RAG (Retrieval-Augmented Generation) changes what the model knows at inference time by injecting retrieved context into the prompt. The base model weights are unchanged.
Fine-tuning changes how the model behaves by updating weights on domain-specific examples. The model's knowledge at inference time is still its training cutoff — retrieval is not involved.
This distinction immediately rules out common misuses:
- Fine-tuning cannot teach a model recent facts (weights are frozen post-training)
- RAG cannot teach a model a new response format or writing style (you cannot retrieve "tone")
The decision framework
Work through these questions in order:
Q1: Does your application need information that changes over time?
If yes → use RAG. Fine-tuning a new model every time your knowledge base updates is impractical and expensive. RAG lets you update the document store without touching the model.
Examples where this applies: internal wikis, product documentation, legal/regulatory references, security advisories.
Q2: Do you have a large corpus of existing domain documents?
If yes → RAG is likely sufficient. If your documents cover the domain well, retrieval will surface the right context. Fine-tuning adds cost and complexity without a clear return.
If no → consider fine-tuning on synthetic or curated examples to inject domain knowledge directly.
Q3: Is your problem primarily about output format, style, or classification?
If yes → fine-tuning wins. Style and format are behavioral properties baked into weights, not knowledge properties that can be retrieved. If you need the model to always respond in a specific JSON structure, always use a specific tone, or classify inputs into a taxonomy, fine-tuning is the right tool.
Q4: Is latency critical?
Fine-tuning produces a smaller, faster model that does not need a retrieval round-trip. RAG adds 50–200ms for vector search plus the time to process a longer context window (retrieved chunks). If p95 latency is a hard requirement, fine-tuning has a structural advantage.

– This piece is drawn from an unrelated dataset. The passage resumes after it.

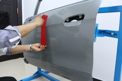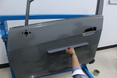 在40分鐘內(nèi),對(duì)雪佛蘭新賽歐左前門(mén)外板上的長(zhǎng)80mm,寬40mm,深10mm的條形凹陷(漆膜已破壞)進(jìn)行修復(fù),凹陷損傷穿過(guò)車(chē)身線。

Q5: Do you need both knowledge grounding AND behavioral consistency?
If yes → use both. RAG handles knowledge, fine-tuning handles behavior. This is the setup for production systems that have both a large knowledge base and strict output requirements.
Cost and latency comparison
| RAG | Fine-tuning | RAG + Fine-tuning | |
|---|---|---|---|
| Setup cost | Low–Medium | High | High |
| Per-query cost | Higher (longer context) | Lower | Medium |
| Latency overhead | +50–200ms retrieval | None | +50–200ms retrieval |
| Knowledge update | Instant (update index) | Requires retraining | Instant for knowledge |
| Format consistency | Poor without prompting | Excellent | Excellent |
| Factual grounding | Strong (with sources) | Weak (hallucination risk) | Strong |
| Best for | Knowledge-heavy Q&A | Classification, style | Enterprise assistants |
Cost numbers for a typical 500-token query:
- RAG: base model call (~500 tokens) + retrieval context (~300 tokens) = 800 token call → $0.008 at $0.01/1k
- Fine-tuned: smaller model, shorter prompt = ~400 tokens → $0.004 at $0.01/1k (plus amortized training cost)
- Training cost for a fine-tuned GPT-4o-mini on 10k examples: ~$40 one-time
Code: a simple RAG retrieval pipeline
This shows the retrieval side — how context gets injected at inference time.
import os
import json
import numpy as np
from openai import OpenAI
client = OpenAI(api_key=os.environ["OPENAI_API_KEY"])
# --- Indexing phase (run once) ---
def embed(text: str) -> np.ndarray:
resp = client.embeddings.create(
model="text-embedding-3-small",
input=text
)
return np.array(resp.data[0].embedding, dtype=np.float32)
def build_index(documents: list[dict]) -> list[dict]:
"""
documents: list of {"id": str, "content": str, "metadata": dict}
Returns documents with "embedding" field added.
"""
indexed = []
for doc in documents:
vec = embed(doc["content"])
indexed.append({**doc, "embedding": vec})
return indexed
def retrieve(query: str, index: list[dict], top_k: int = 3) -> list[dict]:
q_vec = embed(query)
scored = []
for doc in index:
doc_vec = np.array(doc["embedding"], dtype=np.float32)
score = float(np.dot(q_vec, doc_vec) / (np.linalg.norm(q_vec) * np.linalg.norm(doc_vec)))
scored.append((score, doc))
scored.sort(key=lambda x: x[0], reverse=True)
return [doc for _, doc in scored[:top_k]]
# --- Inference phase ---
def rag_answer(query: str, index: list[dict]) -> str:
docs = retrieve(query, index, top_k=3)
context = "\n\n".join(
f"[Source {i+1}] {doc['content']}" for i, doc in enumerate(docs)
)
messages = [
{
"role": "system",
"content": (
"You are a helpful assistant. Answer the user's question using ONLY "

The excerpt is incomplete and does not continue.